We want to be making good judgments and the bulk of this talk will be a discussion of where good judgment comes from and how to develop it. Here are some definitions of good judgment I found online at Answer Bag:

Question: Is good judgment the same as common sense?

Answer: No, because common sense is sound judgment not based on specialized knowledge. Much of our calling decisions are based on specialized knowledge.

Opportunities for judgment in our activity

Most of the myriad decisions we make as square dance callers require some judgment. We use our experience, weigh the pros and cons of taking action in one direction vs. another, make a decision, and head down that path. Often these decisions relate to choreography, and we will spend some time talking about this. The example I opened with from Jack Lasry related to choreography—which groups would it be appropriate to present a new experimental call to. However, I want us not to limit the discussion to only choreography and here are some other areas in which we make decisions requiring good judgment: There are no hard and fast rules for each of these decisions. Different callers will have different opinions. One caller's opinions will vary by area. What works in the United States may not work in Europe and will be different again in Japan.
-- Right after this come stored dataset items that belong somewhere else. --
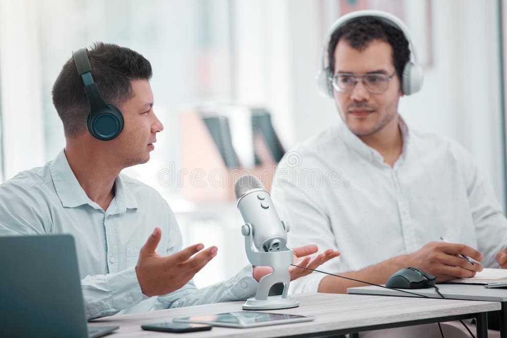 Thats a Valid Point two Young Men Doing a Broadcast in an Office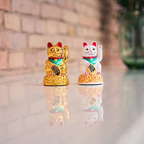 Set di 2 Gatti Che Salutano - Maneki-Neko Gatto Porta-Fortuna Che si Muove - Statuetta da Ufficio - Oggetti Simpatici - Idea Regalo Addio Collega (Set di 2#2)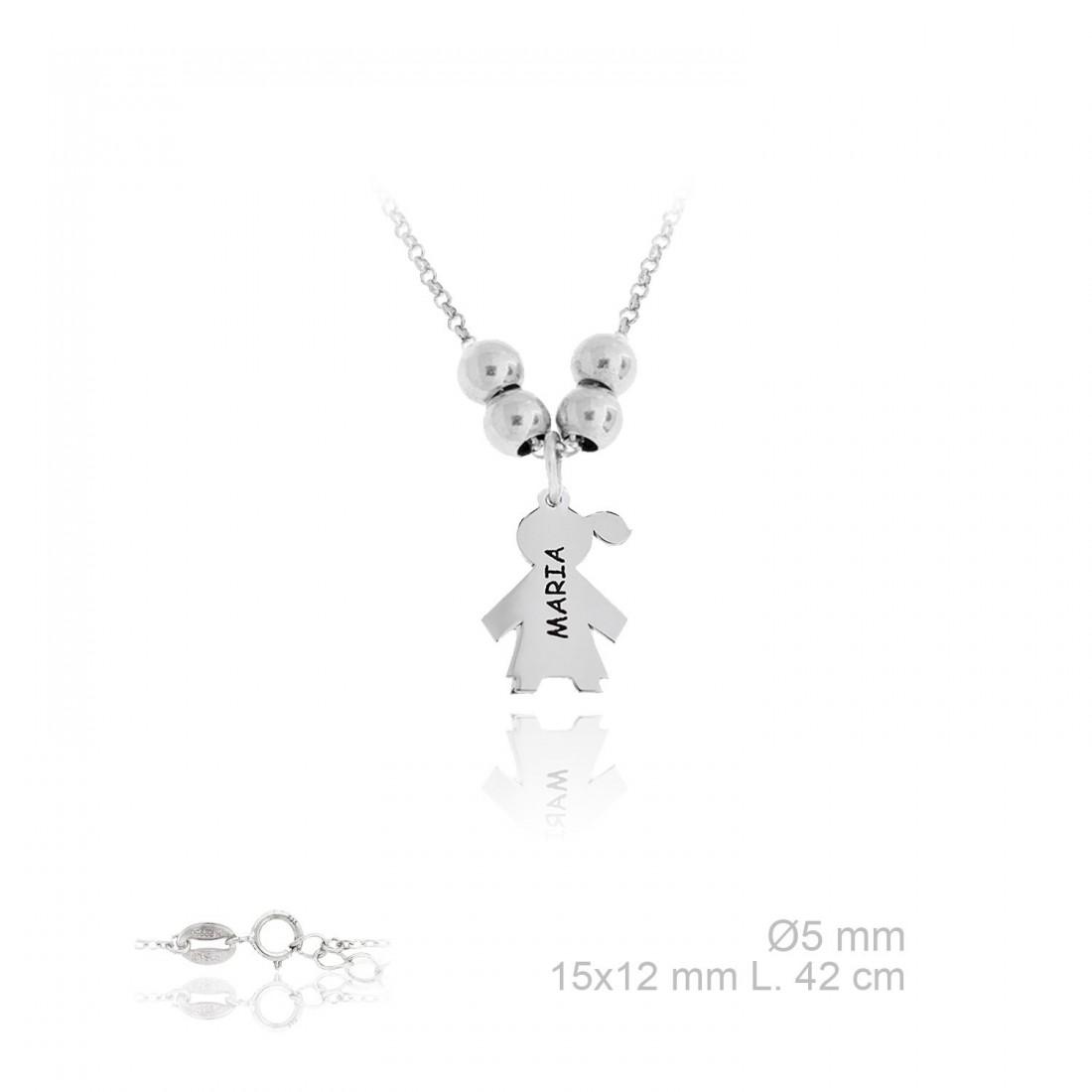 Gargantilla en plata de ley con cadena de 42cm y colgante niña con grabado del nombre que prefieras

Two other points:
  1. Most judgments qualify as good (or bad) mainly after some time has passed and the consequences of those actions measured.
  2. We make decisions based on the information available at the moment. Later on you could find out that the decision was not the best based on new information.
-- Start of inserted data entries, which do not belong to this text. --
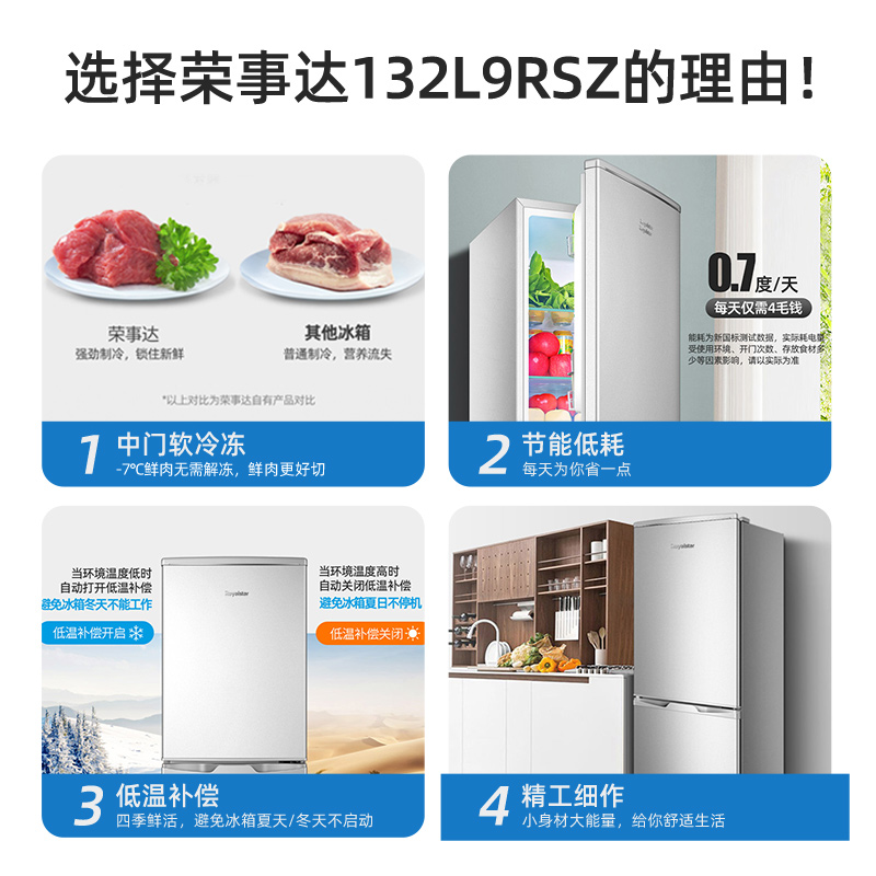 当前的位置: 首页 > 今日值得买 > 荣事达(Royalstar)双门电冰箱小型家用静音节能冷藏冷冻冰箱宿舍租房迷你保鲜小冰箱 132L 9RSZ 银色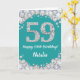 Happy 59th Birthday Teal Turquoise Aqua and Silver Glitter Card with personalized name. For further customization, please click the "Customize it" button and use our design tool to modify this template.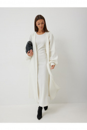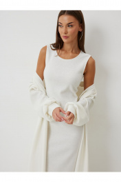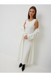 Кардиган: - свободный силуэт - рукав одношевный - V-образный вырез Платье макси: – приталенный силуэт – потайная молния по середине спинки – разрез снизу по спинке – без рукавов – овальная горловина.

How we develop good judgment

We start with a quote:
Good judgment comes from experience. Experience comes from bad judgment. -- Bob Packwood, Jim Horning, Fred Brooks, Oscar Wilde
While experience, both good and bad, is a necessary ingredient, what is important is how you use that experience. You need to analyze the results of the decision reached and possibly modify your behavior in the future. Without this feedback loop, there is no learning and no change in judgment.

Example: You accept a booking to do a father/daughter dance for the Girl Scouts. The dance was difficult for you to call, and you couldn't wait for it to be over, pack up the equipment, and leave. If you fail to reflect on the decisions your made, from accepting the booking, to how to start the dance, to the flexibility you had with the evening's program, to how you did crowd control, to your demeanor at the mike, your judgment in those situations won't improve. One tool to help this process is to write notes from each gig that you do. These notes would include what time you arrived, what time the event was scheduled to start, when it actually started, a description of the hall and where you set up, how many people attended, what your program was, what you did for the first dance, when they took a break, how experienced the dancers were, and important notes to remember if you accept another booking from this group. If you tried to teach Grand Square and it was a big mistake, make a note of that.
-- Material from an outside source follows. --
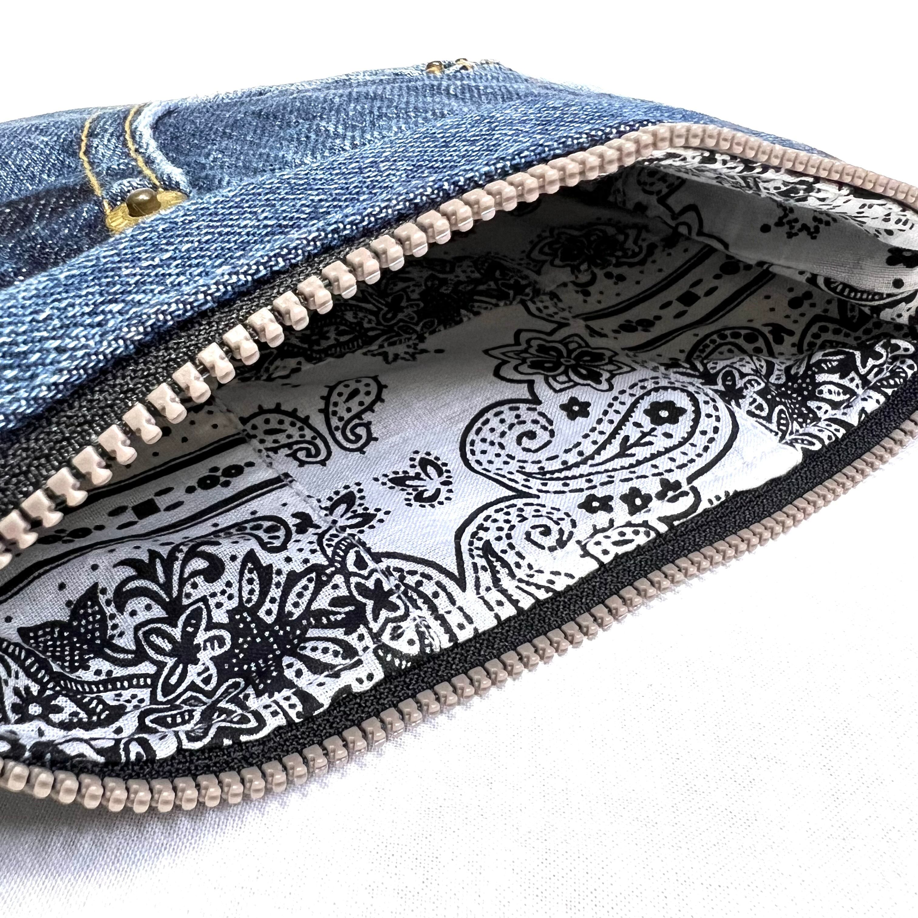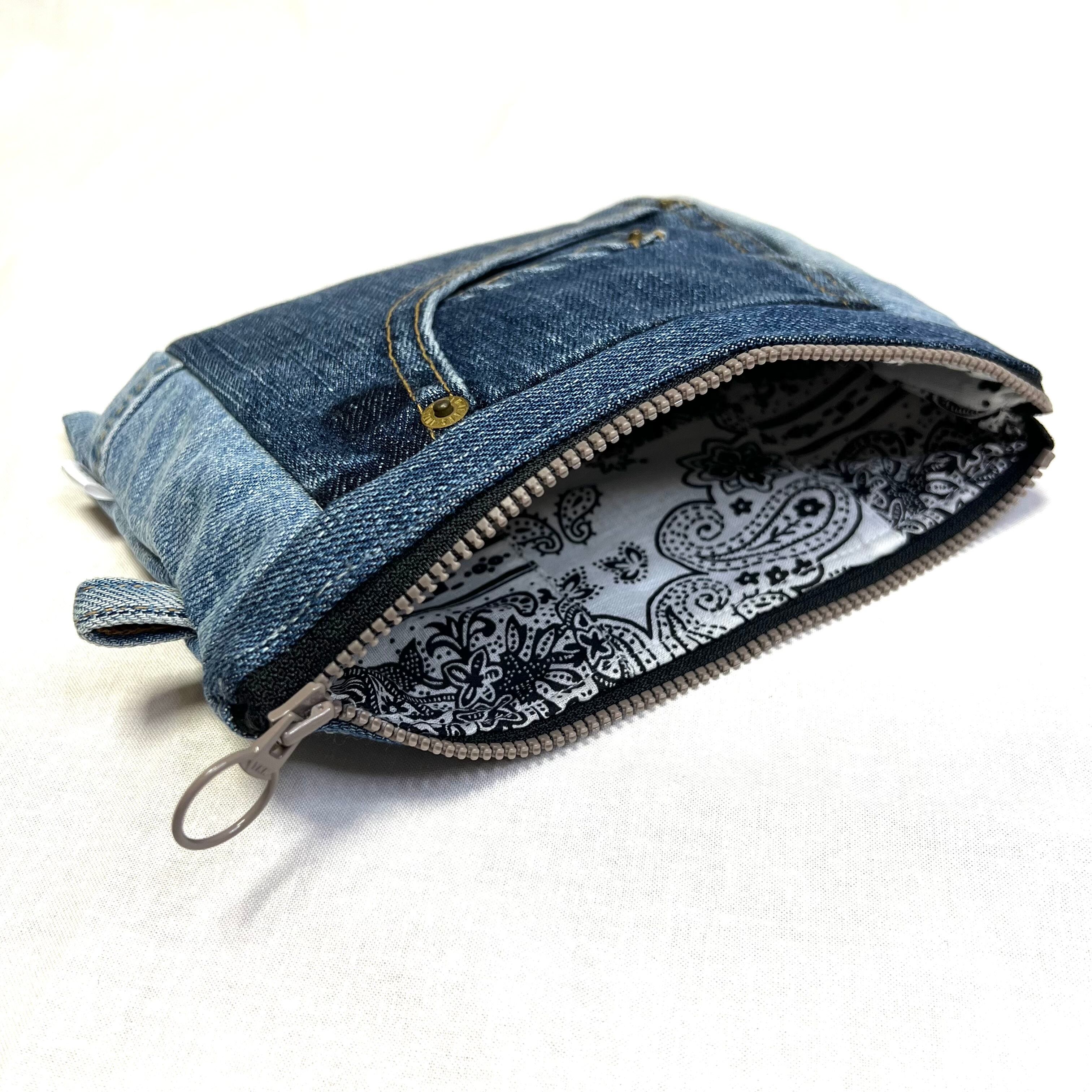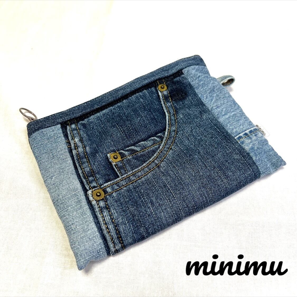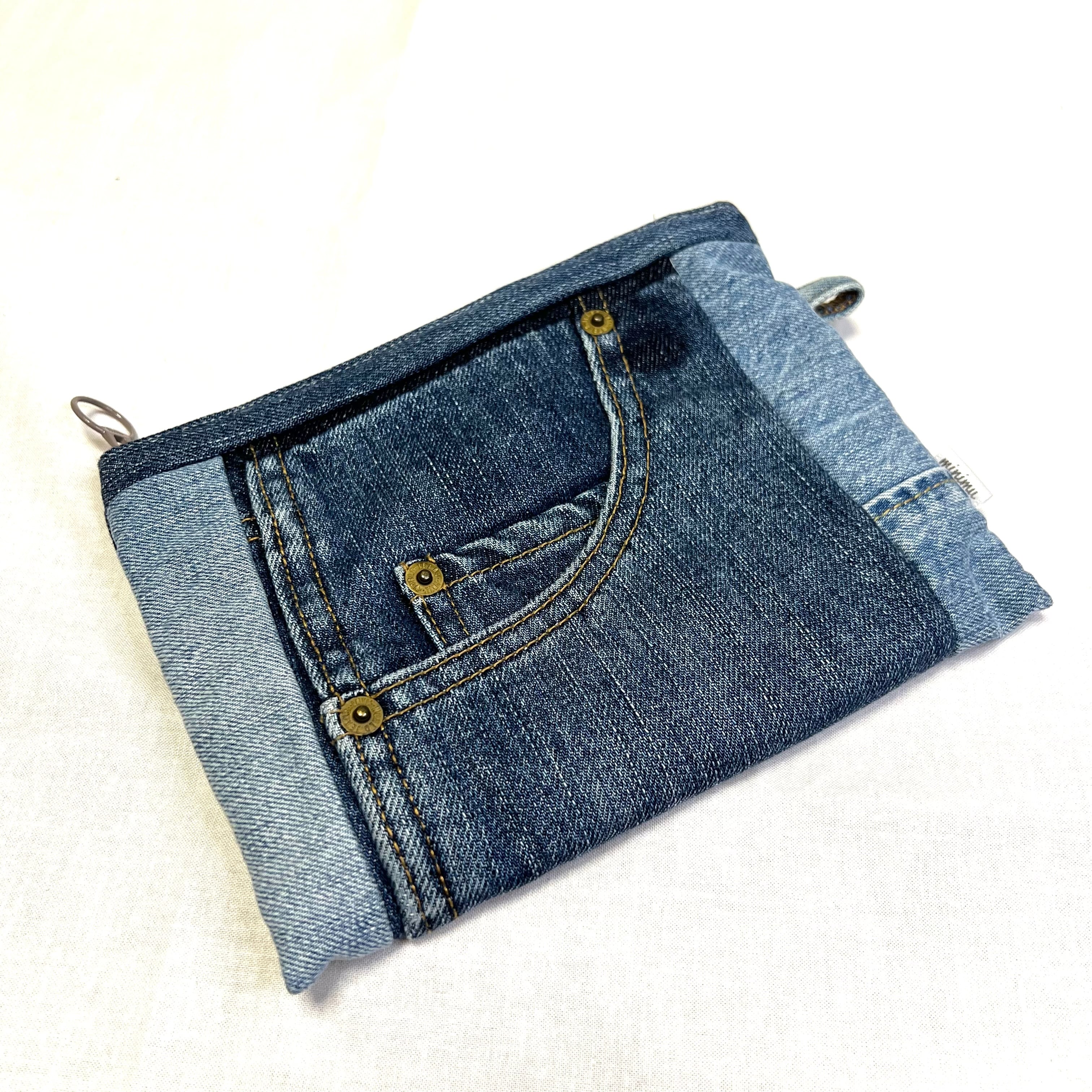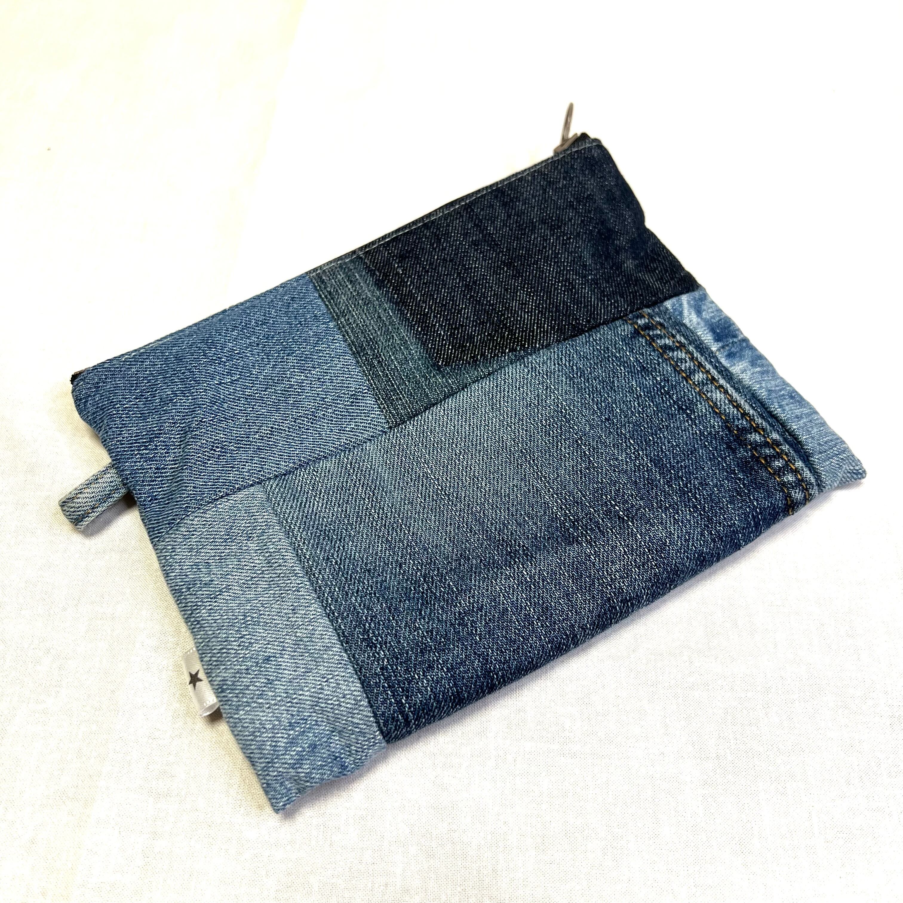 ユーズドのジーンズをリメイクしたフラットポーチです。

The third component of developing better judgment is that of prediction. Were we to make a change, we need to be able to predict the results. In this way we are always considering possible alternatives and choosing the one with the best predicted results.

The components of acquiring and improving your judgment are:

Judgment is learned. The way we learn most things in life is through experience, followed by reflection, followed by an attempt to improve. Eventually we can handle similar experiences without even thinking. In calling we get plenty of experience. Every gig is an experience. What we don't take enough advantage of is reflection. We need to think about what went well and what didn't go so well, and figure out what we would do differently next time.

We also need to work on our prediction skills. For example, if you decide to teach a call to a group of dancers, you are predicting that they will be able to learn it in a short amount of time from your instructions. We have all been in situations where we have tried to teach something and it wasn't going very well. If we had the ability to predict that it wouldn't go well, perhaps we wouldn't have gone down that path. Maybe it was too late at night, maybe we didn't have the right words, maybe the dancers didn't need to learn something new at this moment just to have fun dancing. We need to be able to predict the results of our actions, and that skill also comes from experience and reflection on that experience.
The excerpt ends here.